Colorado groups on IRS ‘targeting’ list

Colorado groups on IRS ‘targeting’ list

A handful of Colorado-based conservative organizations that sought tax-exempt status from the IRS are on the recently disclosed list of groups that were hit with additional scrutiny in the application process. In 2013, the IRS admitted and apologized for delaying the applications for tax-exempt status to groups with “tea party” or “patriot” in the group name.

A group called “TBD Colorado” is also on the list. Complete Colorado has not confirmed at the moment that the group is the same as the “To Be Determined Colorado” initiative launched by Governor Hickenlooper.

Among the list:

  • Citizen Awareness Project
  • Clear Information Colorado
  • Coalition for a Conservative Majority Colorado Springs
  • Coalition for a Conservative Majority Denver Chapter
  • Colorado Women’s Alliance
  • Common Sense Colorado
  • Northwest Colorado Alliance, Inc.
  • Tea Party Patriots, Denver
  • TBD Colorado
  • The TABOR Committee

All of the groups appear to have a conservative or right-of-center leaning with the exception of  TBD Colorado, if that group is indeed the non-profit arm of the Governor’s effort “to find solutions to the difficult problems facing the state.”

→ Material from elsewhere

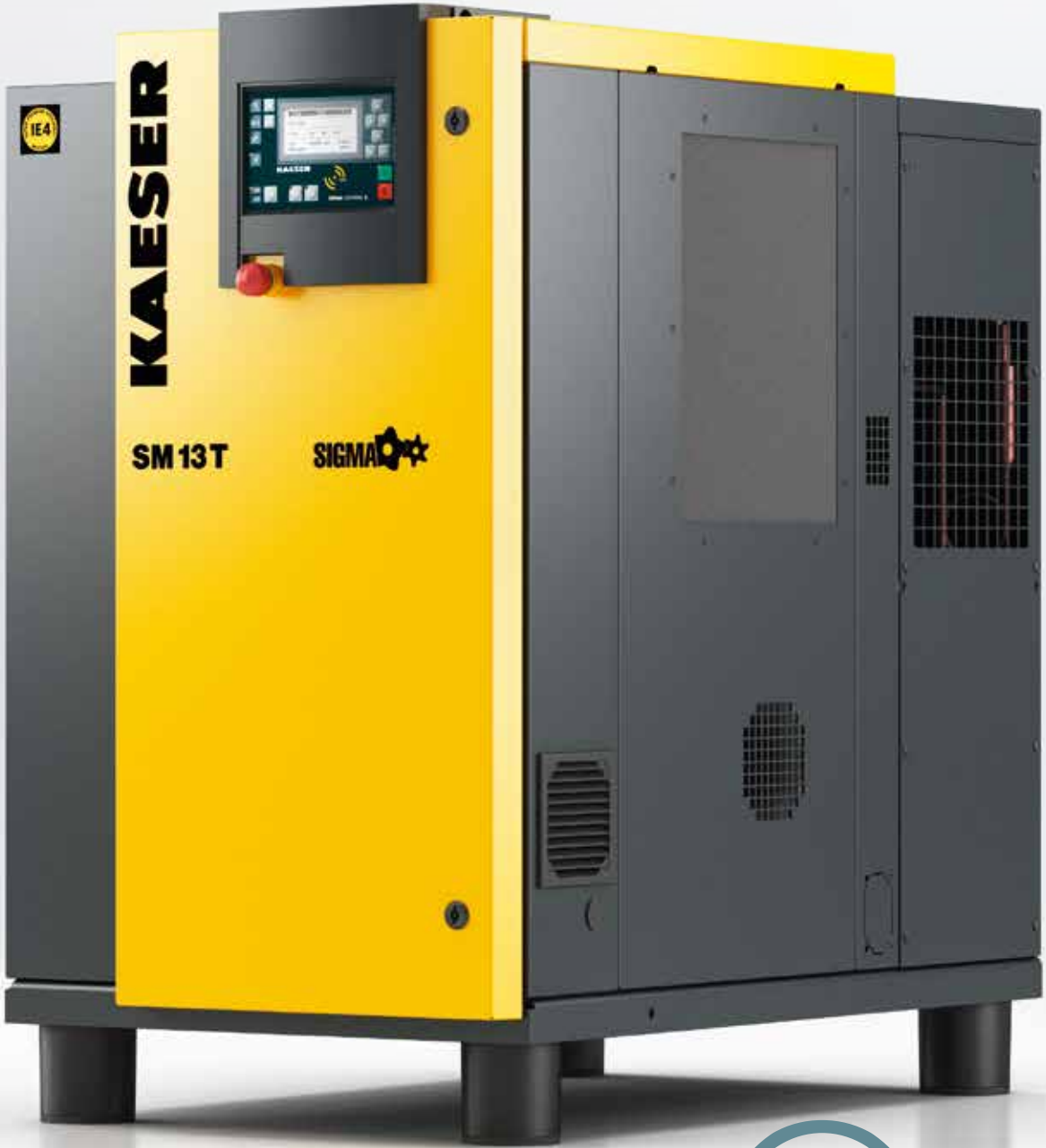
Image: SM 13 T

All maintenance work can be carried out from one side of the unit. The left housing cover is easily removed to allow excellent component accessibility.

The list was created as a result of a class action lawsuit against the IRS. According to the Washington Times, which broke the story on Sunday:

The tax agency filed the list last month as part of a court case after a series of federal judges, fed up with what they said was the agency’s stonewalling, ordered it to get a move on. The case is a class-action lawsuit, so the list of names is critical to knowing the scope of those who would have a claim against the IRS.

Complete Colorado reported in May of 2013 that The TABOR Committee felt as though it had received unnecessary and unfair questioning regarding the nature of their organizations. That group is on the list.*

“Certainly, we were damaged by this,” said Penn Pfiffner, Chairman of the TABOR Committee. “It’s very likely that we’ll be looking to recover the costs by the delay in responding to the extraordinary questions we got.”

Among the many questions asked in the letter to The TABOR Committee were such items as:

“…please provide each [board officer’s] names and addresses of each individual’s employer/business, the nature of their employment/business…”

“Please provide copies of agendas and/or descriptions of topics covered at each of the organization’s general meetings and events since inception.”

“Please submit copies of all publications and/or advertising materials that have been distributed or will be distributed.”

The list of 426 names does not include 40 other names of organizations that had already opted out of being a part of any class action suit. However, the list of 426 exceeds the original estimate from the IRS of 298 groups that were targeted.

Group list of extra scrutiny targets by IRS

*The 2013 report names the group as The Tabor Foundation. The TABOR Foundation is the (c)(3), and The TABOR Committee is the (c)(4) arm of the same group.

CORRECTION: The original publishing of this article listed Common Sense Colorado as an organization that would not be considered right-of-center or conservative. That is incorrect.